Sat 12 Apr 2025
Reviewed by Dan Stumpf: JEAN DUTOURD – The Horrors of Love.
Posted by Steve under Reviews[3] Comments
JEAN DUTOURD – The Horrors of Love. Doubleday, hardcover, 1967. First published in France in as Les Horreurs de l’amour (Gallimard, 1963)
I spent most of this week making a voodoo hoodoo out of some stuff I had lying around the house: Some books, an old shelf, top hat, playing cards, manacles, a skull… that sort of thing. Hung it in my basement to attract nightmares.
Anyway, when I was putting this thing together, I had an enjoyable time digging out just the right books, and one of them was the book discussed below. And though I doubt I’ll ever revisit that book, I felt a glow of remembered pleasure when I revisited the review:
Back in the 60s when I worked as a page at the local library, I found myself strangely drawn to a thickish book that was never checked out, one that squatted stolidly in its allotted space, motionless and impassive, on the Fiction Shelf all the years I was there. I was intrigued by the title The Horrors of Love (Doubleday, 1967) and I’d seen the author’s name, Jean Dutourd, in seedy used bookstores, so I was tempted to read it — but in those days I had no time or patience for six-hundred-and-sixty-odd pages of densely — and I mean densely — written prose with no spies in it. Only now, when I’m approaching early pre-middle age and have more time and patience, I thought to give it a try.
Reading The Horrors of Love is like going through Boot Camp: tough work and not always much fun, but when it’s over you feel you’ve accomplished something. The story is set in Paris in the late 50s and concerns two men who stroll through the city discussing a mutual acquaintance.
And that’s what it’s about.
Two guys.
Walking and talking.
And talking. And talking.
For more than six hundred close-packed pages.
Well, Harry Stephen Keeler constructed some fine books that were nothing more than conversation, so why not Jean Dutourd? And in fact, I found Horrors compelling, if a bit obscure at times, because the lengthy discussion is developed with a novelist’s imagination and a philosopher‘s intellect: it seems the subject of all this conversation is a mutual acquaintance. a successful middle-aged man — shallow, untalented, lacking any insight — and how this man is destroyed by love.
It’s a sobering tale, and to Dutourd’s credit, the reader never loses sight of the point, even as the narrators digress about art, philosophy, literature, the sexes, politics, Parisian geography, history, women, writing, food, men, Algeria…. well let’s just say they fill over six hundred pages to just shy of bursting.
Which may be a problem: Good Writing is like any other commodity; when you get too much of it in one place it becomes devalued, and Horrors of Love is an awful lot of writing, mostly good, I think, but still a damnlot of writing. Some of the writers and philosophers discussed here are just names to me, and some not even that. Withal, even in the densest passages, I never felt like putting this thing down, and I turned the last page, as I said, feeling the few weeks of my time had not been wasted.
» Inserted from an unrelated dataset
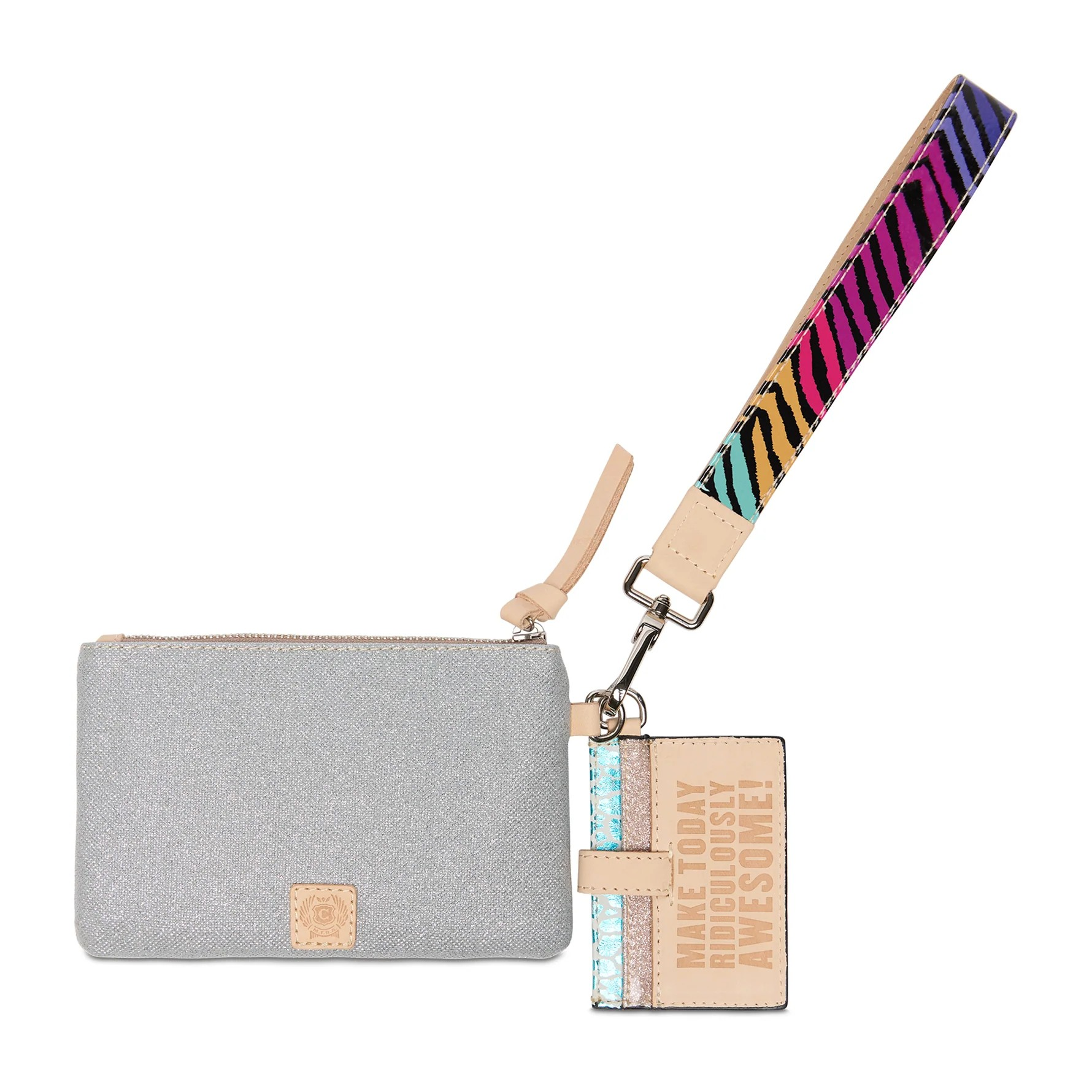 • The Combi, a combination of on-the-go accessories, is a new way to carry your keys, cards, and the small stuff together or separately. This embroidered wristlet wallet includes a pocket pouch, secure card slot wallet and fits comfortably around your wrist.

April 12th, 2025 at 8:04 pm
I read Dutourd’s A DOG’S HEAD (1951) years ago and was less than impressesd. It was supposed to be a biting satire about a man with the head of a Spaniel, but all it did was make me vow not to read another book by the author.
April 12th, 2025 at 8:28 pm
Dutourd has a Wikipedia page, but other than a long list of the novels he wrote, all first published in French, it didn’t tell me very much about either him nor his work:
https://en.wikipedia.org/wiki/Jean_Dutourd
I am not likely to read HORRORS OF LOVE, nor A DOG’S HEAD either, but if I were younger, what Dan has to say about the former might persuade me to give it a try.
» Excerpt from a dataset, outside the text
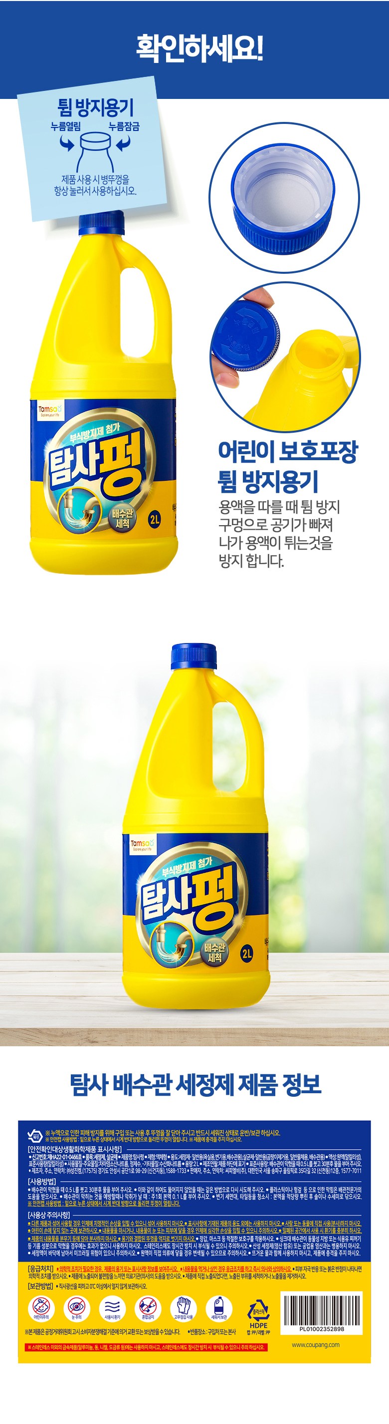 | 제조연월 및 유통기한 (유통기한의 경우 해당 없는 제품은 생략 가능) | 제조연월:제품 하단에 표기 / 유통기한:해당사항없음 | 중량∙용량∙매수∙크기 | 용량:2L |

I say “might,” and then again, I am of course not younger any more either.
April 12th, 2025 at 9:36 pm
The thing about books is that the experience is subjective, and different for every reader, but there is something to be said for any book we read, briefly inhabit, stay with even when it isn’t easy or fast paced, or funny just because it says something we as the reader need to hear.
Too often we get lost in the idea of a certain kind of book and lose sight that reading itself is a pleasure, a goal, and that a book can be any kind of meal from a ten-course dinner to a great hamburger.